=== Begin Enclosure ===

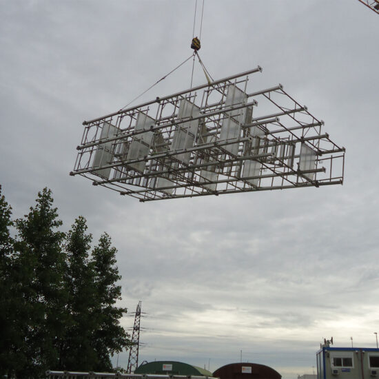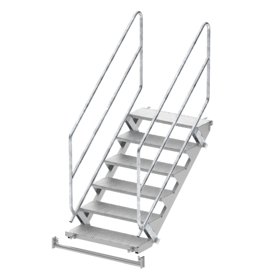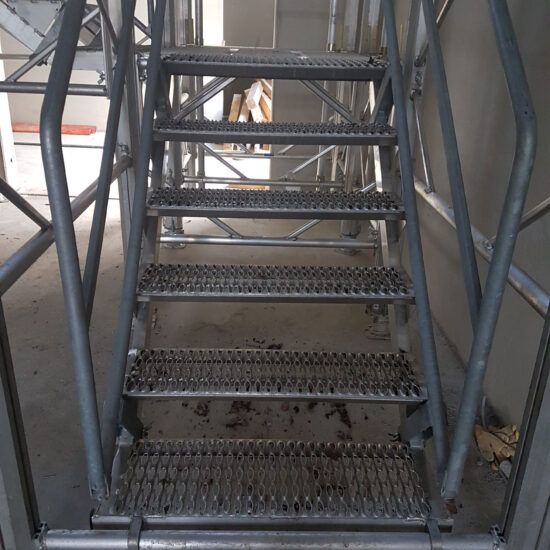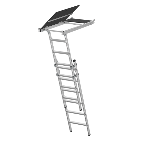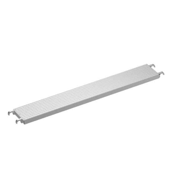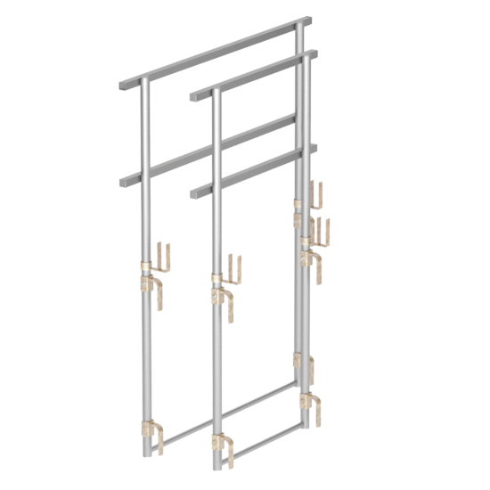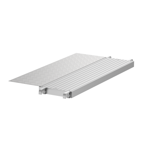 Aluminium scaffold boards and cover boards with a non-slip, profiled surface ensure safe working at heights. The aluminium handrail frame is hooked onto the aluminium ledger frame to ensure safe access.
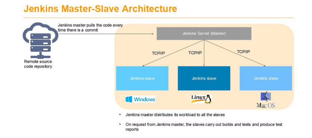 - Jenkins manages the builds with the help of master-slave architecture. Master and slave units communicate with each other using IP/TCP protocol. Here is a little download on how it all works.
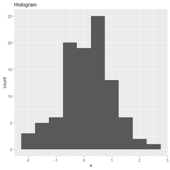 ggplot(df,aes(x))+geom_histogram(binwidth=0.5)+ggtitle("Histogram")
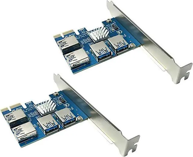 AAAwave PCI Express 1X to 16X Riser Card 1 to 4 USB3.0 Multiplier Hub Adapter Pack of 2
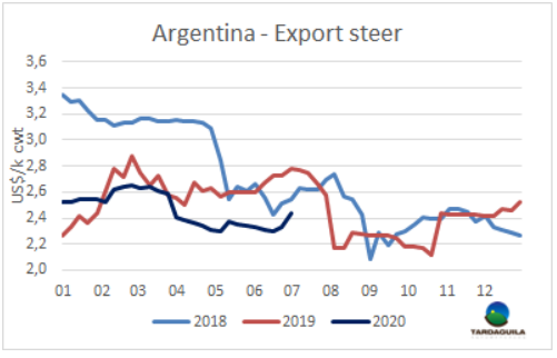 正如WBR預(yù)測,猶太屠宰的重新開始,加上歐洲需求的改善,加劇了牛只短缺,導(dǎo)致活牛價格大幅上漲,每公斤上漲10比索。最好的英國純種閹牛成交價168-173比索/公斤,印度串種閹牛163-170比索/公斤,特優(yōu)種母牛價格上漲了1-2比索,上漲到142-146比索/公斤,工業(yè)母牛價格不變,120-125比索/公斤。

=== End Enclosure ===

Return the complete material exactly as given, excluding images.

 Aluminium scaffold boards and cover boards with a non-slip, profiled surface ensure safe working at heights. The aluminium handrail frame is hooked onto the aluminium ledger frame to ensure safe access.
 - Jenkins manages the builds with the help of master-slave architecture. Master and slave units communicate with each other using IP/TCP protocol. Here is a little download on how it all works.
 ggplot(df,aes(x))+geom_histogram(binwidth=0.5)+ggtitle("Histogram")
 AAAwave PCI Express 1X to 16X Riser Card 1 to 4 USB3.0 Multiplier Hub Adapter Pack of 2
 正如WBR預(yù)測,猶太屠宰的重新開始,加上歐洲需求的改善,加劇了牛只短缺,導(dǎo)致活牛價格大幅上漲,每公斤上漲10比索。最好的英國純種閹牛成交價168-173比索/公斤,印度串種閹牛163-170比索/公斤,特優(yōu)種母牛價格上漲了1-2比索,上漲到142-146比索/公斤,工業(yè)母牛價格不變,120-125比索/公斤。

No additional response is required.